Family counselor Dr. Marty Klein disagrees.
"The idea that we criminalize 14-year-olds' having oral sex or sexual intercourse with 16-year-olds, that's a horrible solution to a subtle and complex issue."
Klein calls this criminalization of sexual activity America's War on Sex.
"Telling a kid just say no, and expecting them to not have sex, that's like telling somebody who's depressed, have a nice day, and expecting that to lift their depression."
Some states created exemptions to their statutory rape laws for kids who are close in age. They're called "Romeo and Juliet" exemptions because Romeo and Juliet were close in age. But I bet the legislators would be surprised to learn that Shakespeare's Juliet was only 13.
Klein says, "We trust 15-year-olds to make decisions all the time. We give them access to credit cards. We let 16- and 17-year-olds drive cars. The idea that somebody who's behind the wheel of a car can't make good sexual decisions, I think, is more about our anxiety about sex than it is about any clear thinking about 17-year-olds."
But the Family Research Council's Sprigg will have none of this. "The focus should be on telling teens that sex should be saved for marriage.
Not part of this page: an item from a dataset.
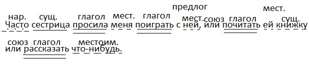 синтаксический разбор .Часто сестрица просила меня поиграть с ней , или почитать ей книжку , или рассказать что-нибудь

The benefits of waiting are enormous."
If they're too young, why did God make them biologically ready? I asked him.
"Well, in some ancient cultures, it would have been perfectly appropriate for young people to marry and start a family as soon as their bodies were biologically ready for reproduction. But we live in a very different culture, and young people today need more time before marriage, but they don't need sex before marriage."
Whatever the law says, there's no proof that age-of-consent laws deter sex before marriage. Many kids don't even know what the age of consent is.
Something is very wrong when young people, doing what hundreds of thousands of other kids do, are condemned for life on sex registries next to rapists and real pedophiles. There's no justice in that.